The licensing agreement enables Telstra to bring CSIRO's Virtual Critical Care Unit (ViCCU®) to market using its Government IP broadband network - connecting clinical specialists in major hospitals with staff and patients in country hospitals.

Dr Alex Zelinsky, director of CSIRO's ICT Centre, said that ViCCU®'s unique combination of multiple high quality video, audio and data streams allowed the specialist to see and talk to the patient, view scanned test results and instruct staff who were undertaking emergency medical examinations and treatments.

"ViCCU® was developed in consultation with trauma specialists at Nepean Hospital and has been piloted by Sydney West Area Health Service over the past two years," says Dr Zelinsky.

Designed to allow emergency patients at Blue Mountains Hospital to be treated locally rather than transferred to the metropolitan based Nepean Hospital - ViCCU® aims to give patients at Katoomba the benefit of around-the-clock access to emergency specialists at Nepean Hospital.

ViCCU® also enables quick diagnosis for patients who do require transfer to metropolitan hospital for highly specialised care.

Telstra's managing director of convergent solutions and sales, Lynda O'Grady, said Telstra was the only company in Australia with the experience and network reach and reliability capable of delivering CSIRO's innovation to the health sector.

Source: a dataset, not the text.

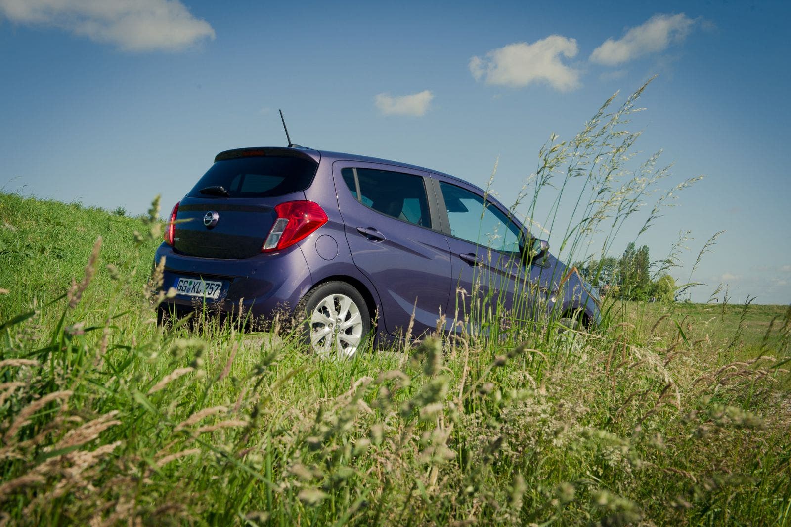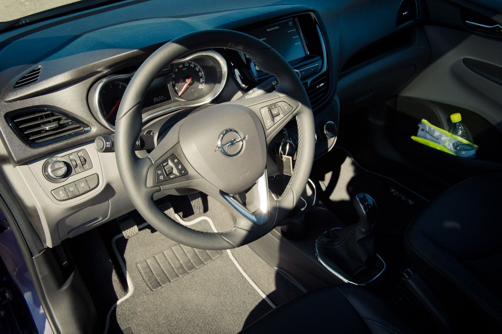 Dafür bekommt der Käufer ein kleines Auto (3.67 m lang bei einem Radstand von 2.38 m, 1.47 m hoch und 1.69m breit), was Platz für 4 Personen bietet, wenn diese nicht wesentlich größer als 180 cm sind und über einen Kofferraum verfügt, in dem man problemlos zwei Wasserkisten verstauen kann. Das 1 Liter ECOTEC 3-Zylinder Benziner-Motörchen hat sich bereits im Adam und Corsa bewährt, aus Kostengründen hat Opel auf eine Direkteinspritzung und Turboaufladung verzichtet, so dass die Leistung auf 75 PS beschränkt ist. Die reichen dann auch gerne mal für ein maximales Drehmoment von 95 Nm. Fahrspass, so möchte man denken, sieht anders aus. Stimmt aber nicht so ganz. Denn das manuelle 5-gang-Getriebe, was sich präzise schalten lässt, ist zumindest so übersetzt, dass man in der Stadt doch recht flott unterwegs sein kann. Wer viel Zeit mitbringt, kann vielleicht auch irgendwann die Höchstgeschwindigkeit von 170 km/h erreichen. Aber alleine das Beschleunigen von 0 auf 100 km/h dauert 13.9 Sekunden. Wer es hingegen ruhiger angehen lässt, soll den von Opel angegebenen NEFZ-Verbrauch von 4.3 Litern Super auf 100 Kilometern nahe kommen. Bei einem Tankinhalt von 32 Liter kann man also im Idealfall ganze 740 Kilometer weit kommen. Wer dem Karl die Sporen gibt, kann aber auch gut und gerne 7 Liter Sprit auf 100 Kilometern verfahren.

"Without customer confidence in the solution and brand many of Australia's great inventions remain prototypes in research labs," O'Grady said.

"Telstra's strength is in its relationships and network reach across regional Australia and we are proud that we can put this to good use to help save lives."

The development of ViCCU® was funded by the Department of Communications Information Technology and Arts through the Centre for Networking Technology for the Information Economy (CeNTIE) project and SWAHS.

Telstra plans to have a solution available to hospitals around Australia by late 2006.